Kim Brown
On June 12, 1987, three weeks after graduating from a local high
school, Angela Fay Hackl disappeared from her hometown of Lone Rock, Wisconsin.
Search parties scoured a two-county area after her car was recovered near Sauk
City, twenty miles away, and her body was found on June 15, in the woods six
miles west of Sauk City. Chained by her neck to a tree, the young woman had been
shot repeatedly at point-blank range, leaving final identification to dental
records .
A month later, on July 9, schoolteacher Barbara Blackstone vanished from her
home in nearby Lyndon Station, leaving her purse behind, her keys in the
ignition of a car parked just outside. Her nude and decomposing body was
retrieved on August 4 from Lafayette County, sixty miles due south of the
Wisconsin Dells that had become a madman's hunting ground.
On July 24, police logged reports of burglary and arson at a home in Oxford,
Wisconsin. No one had been home to greet the prowler, but the family dog was
stabbed to death, discarded in a bedroom, after which a braided rug was draped
across the stove, the burners on and liquor poured around the kitchen to
accelerate the blaze. Reported stolen were a .357 magnum revolver, a black
holster, and a distinctive "butterfly" knife, so called after its two-piece
folding grip.
Four days later, on July 28, housewife Linda Nachreiner was reported missing
from her home in Dell Prairie, six miles from the site of the burglary and
twenty miles removed from the home of murder victim Barbara Blackstone. A
visiting neighbor found Nachreiner's two small children unattended, a basket of
wet laundry fresh from the washer, and police were summoned. Officers identified
fresh stains of semen and saliva on a bedroom comforter, retrieving panties and
a single stocking from the floor.
The missing woman was found next morning, four miles from her home. She had been
stripped by her assailant, with her blue jeans pulled over her head, hands bound
behind her back. She had been raped and tortured before a single bullet was
fired through her head. Tire tracks discovered at the scene matched others found
outside the victim's home; a slug recovered by detectives matched bullets fired
by the .357 stolen July 24.
By this time, local homicide investigators were deluged by tips from nervous
residents of the Wisconsin Dells. Kim Brown was one of those suggested as a
suspect, and detectives learned that Brown knew Linda Nachreiner's husband from
working together on various jobs. Brown also lived within half a mile of the
burglarized dwelling in Oxford, a short seven miles from the Nachreiner home. A
review of Brown's work record showed that he had called in sick on July 24 and
clocked out after working for less than two hours July 28.
Police interviewed Brown on September 2, observing that tires on his car closely
resembled their casts from the Nachreiner home and the scene of her murder.

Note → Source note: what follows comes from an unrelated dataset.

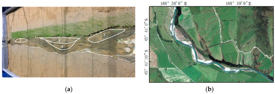 Channel morphology ((a) Run 3 at t = 600 min); (b) the Mataura River near cattle flat (from Google Earth)).
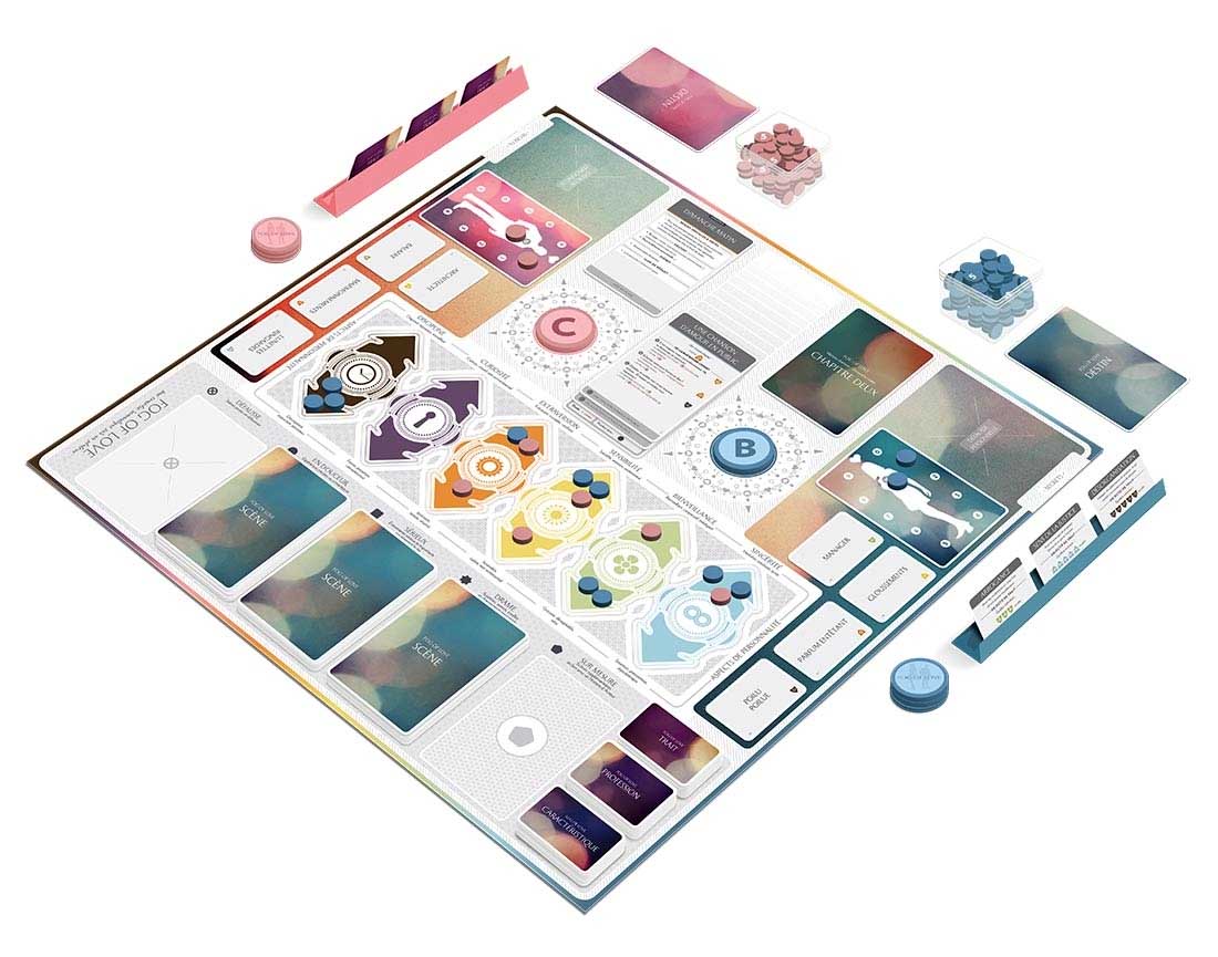Matériel: 1 plateau, 2 cartes Personnage, 2 porte-cartes, 18 intercalaires, 1 insert de rangement, 110 cartes Scène, 4 Histoire d’amour, 14 cartes Destin, 38 cartes Trait, 36 cartes Profession, 60 cartes Caractéristique, 30 cartes Tutoriel, 8 jetons Choix, 70 jetons de Personnalité, 2 boîtes de rangement, livret de règles.

Brown claimed that he stayed home all day on July 24 and accompanied his wife on
shopping errands four days later; his wife, meanwhile, recalled that Brown had
worked a full shift on both days in question. Searching the trunk of Brown's
car, with the suspect's permission, police found the stolen revolver and
"butterfly" knife, together with a quantity of .357 ammunition and two spent
cartridges. A second knife, found in the glove compartment, bore animal hairs
matching those of the dog stabbed to death on July 24.
In custody, Brown first told detectives that the stolen weapons belonged to "a
friend," later changing his story to claim that he "found" them. Samples of the
suspect's blood and saliva matched those from the Nachreiner home, and casts of
his tires provided further confirmation. On September 4, 1987, Kim Brown was
charged with arson, burglary, and the murder of Linda Nachreiner. No further
charges have been filed, although authorities consider him responsible for all
three local slayings, and the string of crimes stopped short with Brown's
arrest.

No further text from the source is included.